«Mme de Condorcet est morte le dimanche 8 septembre. Elle demanda à être enterrée avec les pauvres et sans cérémonie religieuse. Huit ou dix parents et amis ont accompagné les restes de cette excellente femme au Père-Lachaise. Sa tombe est près l’avenue où repose mon pauvre ami[246].»
Guizot, le 12 septembre, écrivait à Fauriel[247]: «Mon pauvre ami, je n’ai su qu’hier soir le coup qui vous a frappé; je vous ai cherché chez vous. J’étais loin de m’attendre à ce malheur; depuis quelques jours au contraire, j’étais tranquille. Aussi, n’envoyions-nous plus, tous les matins, savoir des nouvelles... Ma femme partage tous mes sentiments et veut que je vous le répète bien. Adieu, mon pauvre ami, je vous embrasse, le cœur bien serré.»
De son côté, Emmanuel de Grouchy, de Fribourg, le 6 octobre 1822, s’adressait au même correspondant[248]:
«Quelque douloureuse que dût être notre entrevue, je la désirais vivement; quelque amères qu’eussent été les larmes que nous aurions versées ensemble, j’aurais souhaité avoir l’occasion de vous témoigner tous mes sentiments d’estime et d’affection. C’est en obéissant religieusement aux vœux constants de l’amie dont la perte est irréparable pour nous, vœux toujours partagés par vous et qui tendaient à ce que je devinsse un homme digne de ce nom que je tâcherai de vous prouver ces sentiments et qu’en même temps je mériterai votre intérêt que je réclame au nom et en la mémoire de notre amie. Le neveu et l’objet constant des soins de Mme de Condorcet ne saurait vous être indifférent.»

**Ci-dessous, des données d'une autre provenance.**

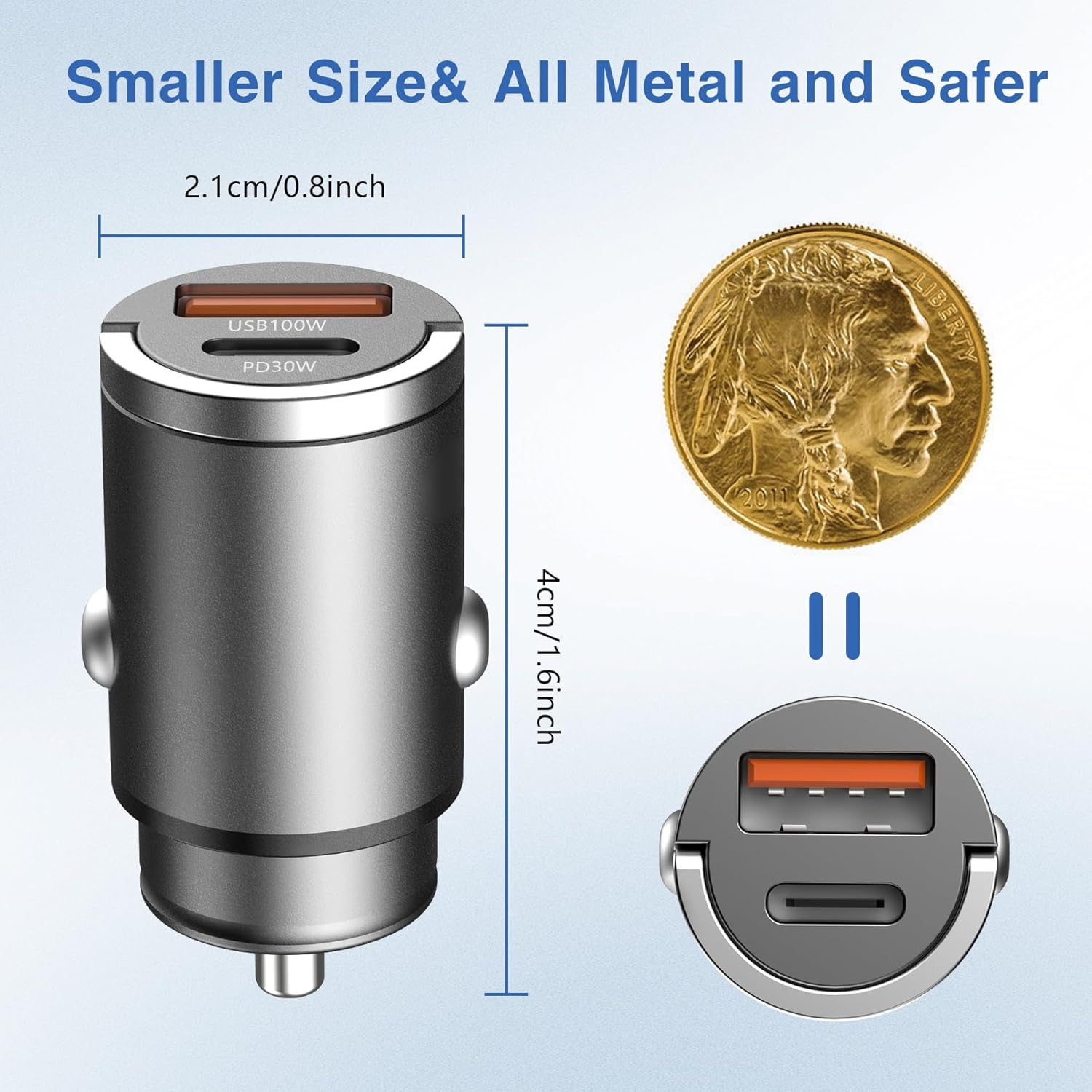 - ✅【All Metal, Smaller and Safer】The high-density aluminum alloy shell can help the car charger to dissipate heat in the charging process, effectively improving the charging efficiency by about 30%, and absolutely no melting and danger. The all-metal body also has a unique sense of design and luxurious texture.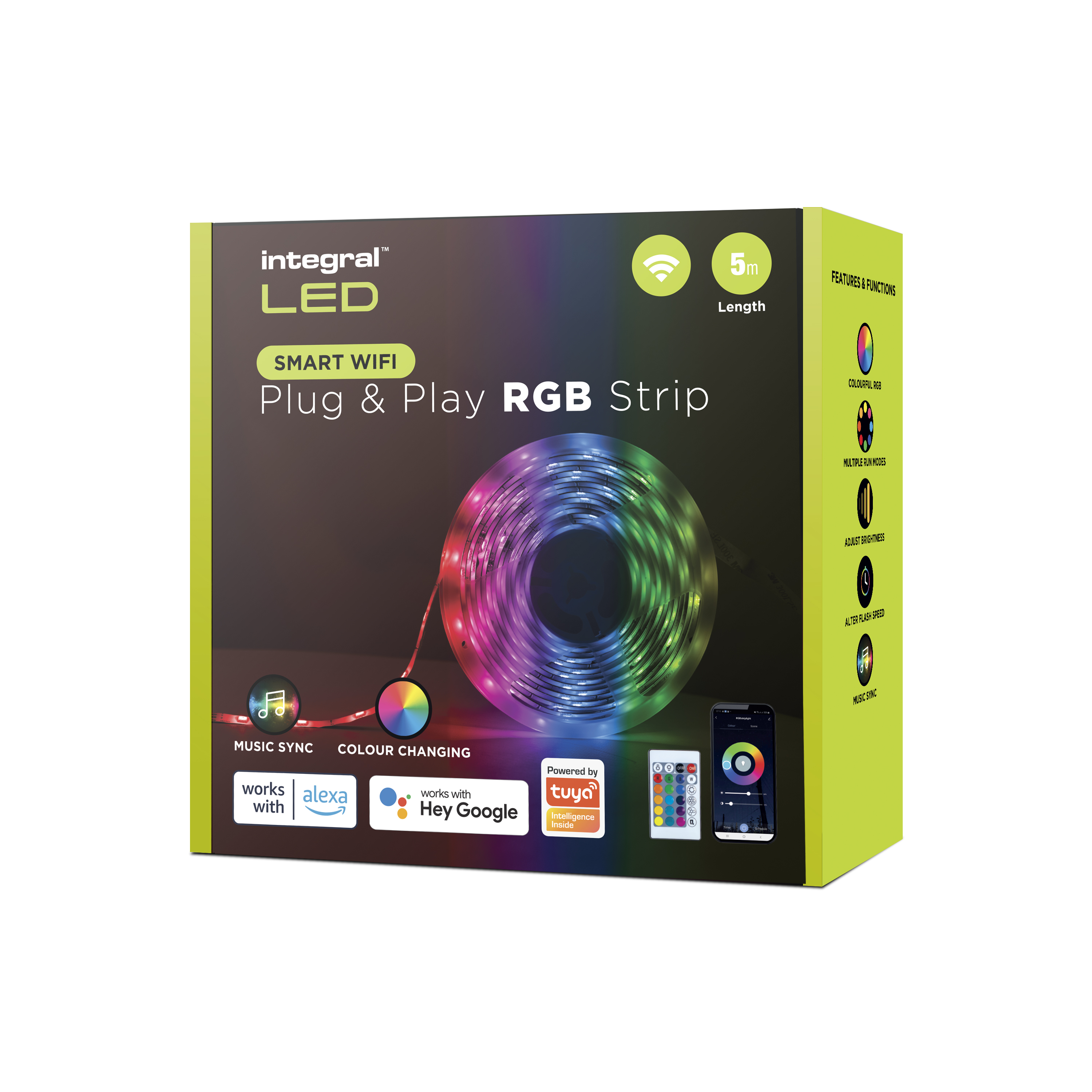 RGB PLUG & PLAY STRIP KIT IP54 4W/M 30LED/M 10MM WIDTH 5M BOX PACK WITH CONTROLLER & TUYA WIFI APP GOOGLE / ALEXA EU PLUG

Immense fut la douleur de Mme O’Connor qui consacra à la mémoire de sa mère quelques pages touchantes.
Quant à Mme Cabanis, elle écrivait le 3 septembre 1823, à son frère Henri, que nous avons connu chevalier de Malte avant 1789[249]: «Le 8 de ce mois, il y aura un an que nous avons perdu cette chère Sophie de Condorcet; je la regrette sans cesse. Après mon mari et mes enfants, elle était ce que j’aimais le plus au monde. Elle aurait, ainsi que mon mari, bien aimé le mariage qu’Annette vient de faire...»
Faut-il ajouter, hélas! que Fauriel, qui avait dû à Sophie le bonheur et l’aisance de la vie, fut le moins affligé de tous ceux qui l’avaient connue. Son testament, en date du 19 octobre 1823[250], montre qu’il n’avait pas attendu longtemps pour se consoler. Pas un souvenir n’était laissé, pas un mot n’était dit pour la fille ou pour les petits-enfants de Mme de Condorcet[251].
Il semble même qu’on l’importunait en lui rappelant des souvenirs qui auraient dû lui être bien chers. Le 30 mars 1842, Mme Cabanis, qui, elle, n’oubliait pas, lui renvoyait des objets qui avaient appartenu à Sophie et lui écrivait:
«Mon ami, voici encore une restitution que je vous fais. Des livres à vous qui remplissent ce panier et d’autres livres, encore à vous, qui sont en liasse. Quoique ces envois réveillent dans votre âme des souvenirs qui ont un côté douloureux, ils y remuent aussi, j’en suis sûre, une masse de tendresse imperturbable et qui doit être profonde et douce jusqu’à votre dernier jour.»
Déjà, le 20 octobre 1838, elle lui disait: «Quelques relations avec vous m’auraient conservé quelques parcelles de ces richesses dont, autrefois, mon âme et mon esprit se sont nourris.»